William_J_G Overington wjgo_10009 at btinternet.com
Tue Mar 24 06:19:26 CDT 2015


WJGO >> It does not seem axiomatic that accented characters for Esperanto would necessarily be included in a digital encoding of the accented characters needed for the languages of Europe.

DS > Where does languages of Europe come from? 

It seems to me that an alternative scenario could quite easily, and possibly more probably, have been what had happened, namely that a list of the countries of Europe had been made and then starting from that list, the main language of each country in that list then be added into a list of languages to be supported, with Esperanto not even having been thought about. Also, it could have been that if Esperanto had been suggested that the idea could have been dismissed as Esperanto were not the language of a country or dismissed for some negative opinion about Esperanto or some other purported reason.

It seems axiomatic that the accented characters for French and German would be included, yet not axiomatic that the accented characters for Esperanto included. So I wondered how they came to become encoded.

Back in the 1960s I saw a list of the accented characters needed to typeset in various European languages. It was in the Riscatype catalogue of metal type. Esperanto was included in that list. Is it possible that that list was used years later in deciding which accented characters to include in an electronic coding?

I remember that in the early 1970s two researchers were trying to translate what they thought was a paper in Spanish and having great problems. I glanced at the text and pointed out that it was Portuguese. Asked if I spoke Portuguese I replied that I did not, but that, being interested in printing, I knew that the a tilde character was used in Portuguese and not in Spanish: so the Riscatype list was helpful to them.

DS > Latin Extended-A is not designed to exclusively cover Europe, and both ISO 8859-3 and Extended-A cover Turkish.

Well, part of Turkey is in Europe.

DS > The largest Esperanto libraries have about 25,000 books, and there's a large collection of people wanting to use Esperanto on the Internet;  ... 

Fine.

DS > ... moreover, the encoding decision is trivial, being a simple and uncontested set of twelve codepoints.

Well, the decision was not necessarily trivial nor uncontested: that is now a part of history and maybe some documentation will be found to describe what was the situation at the time.

DS > Of all the Latin script characters not encoded in Unicode 1.1, I doubt any of them have 1% the use of the Esperanto characters. Not encoding them upfront would have been silly.

I have been interested in Esperanto since the 1960s when I found an Esperanto dictionary in an antiquarian bookshop. I had not previously known of Esperanto. I asked the bookshop owner about this language and he explained and I bought the dictionary and a copy of the English version of the book The Life of Zamenhof, by Edmond Privat. Soon after I bought a copy of Teach Yourself Esperanto and some years later in the early 1970s I bought the Teach Yourself Esperanto Dictionary. In the late 1990s I gained two certificates in Esperanto, namely for Elementary and Intermediate levels.

More recently I have written a song in Esperanto and I am hoping to record it and place it on the web so that it will become archived by the British Library.

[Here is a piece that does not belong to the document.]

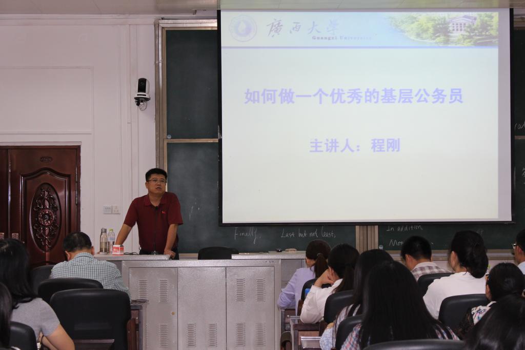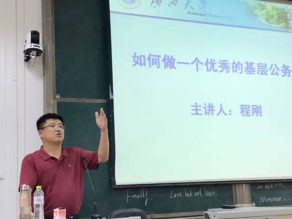 4月11日下午3时,防城港市江山镇党委书记程刚到约啪社区 107报告厅做了题为“如何做一位优秀的基层公务员”的讲座。学院公共管理系系主任蒋永甫教授出席并主持活动。现场还吸引了约啪社区 本科生、研究生以及其他院校逾百名学生前来聆听。

The song lyrics use g circumflex many times and s circumflex a few times and I was thinking that it is good that the characters are available in Unicode.

DS > Kie ekzistas vivo, ekzistas espero.

Dankon.

For the benefit of readers who do not know any Esperanto, I translate to English what David wrote

Where there exists life, there exists hope.

thus

Where there is life, there is hope.

and the translation into English of my reply is

Thanks.

I am also trying to draft a petition to send to the Unicode Technical Committee about encoding some localizable sentences with their symbols in plane 13 and building localizable sentence technology as a part of Unicode for the future.

As part of the introduction I am seeking to compare and contrast Esperanto and localizable sentence technology.

Both are intended to assist communication through the language barrier. Neither is intended to replace natural languages. 

Esperanto can be used to construct a sentence for any meaning. Yet localizable sentences are for a finite set of sentences.

Esperanto does need to be learned as a language before it can be used, quicker and simpler than learning French or German, yet still taking quite a lot of study. Localizable sentences could be used easily, just by learning how to use a cascading menu system with category headings and sentences localized into one's own native language: there is the capability to include names, not localizable, within a stream of localizable sentences and escape  mechanisms for adding unlocalizable items in Esperanto or in a natural language. 

Before encoding as electronic characters, the letters used for Esperanto had been in use by a lot of people for many years, in handwriting and in print. Localizable sentence characters, by being part of a pure electronic technology, have no history of use, so an encoding would be so that the technology could become used. Whether that use would happen is open for opinions to be expressed, yet unless the encoding takes place no one can be certain that an encoding into regular Unicode would be used or would not be used.